The spontaneously hypertensive rat (SHR) is a model of human insulin-resistance syndromes due to the presence of essential hypertension, hyperinsulinaemia, glucose intolerance, hypertriglyceridaemia and visceral obesity 1, 2, 3, 4, 5. In experimental crosses, quantitative trait loci (QTLs) for SHR defects in glucose and fatty acid metabolism in adipocytes 5, as well as hypertension 6 and hypertriglyceridaemia 7, have been mapped to an overlapping region of rat chromosome 4. Upon analysis of SHR strains derived from a colony at the NIH, a deletional mutation in Cd36 (formerly Fat) was proposed as the underlying cause of these chromosome 4 QTLs and the clustering of insulin resistance phenotypes in SHR (ref. 8). Here we show that the Cd36 mutation is absent in the original SHR strains, maintained since their development in Japan 9 (SHR/Izm), and question the aetiological relevance of the Cd36 mutation to insulin resistance in SHR.

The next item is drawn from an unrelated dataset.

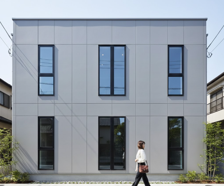 洗練された家は、窓のラインが揃っており、外から見て「どこに何があるか」というノイズが最小限に抑えられています。

We initially searched for genes that were differentially expressed between SHR and its genetic control, the Wistar Kyoto (WKY) rat. Of the 500 independent clones obtained by subtraction analysis of adipocyte cDNA from NIH-derived strains (SHR/NCrj and WKY/NCrj), 2 contained partial cDNA sequences of Cd36 (ref. 10), the rat homologue of human CD36. Northern-blot analysis showed the presence of aberrant Cd36 mRNA in SHR/NCrj, but not in SHR/Izm (Fig. 1a). Cd36 cDNA from SHR/NCrj contained multiple sequence variants as reported 8, whereas Cd36 cDNA from SHR/Izm was normal. Genotype analysis demonstrated that the Cd36 mutation was not present in any of the original SHR/Izm strains, but was found in all NIH-derived strains examined (Fig. 1b).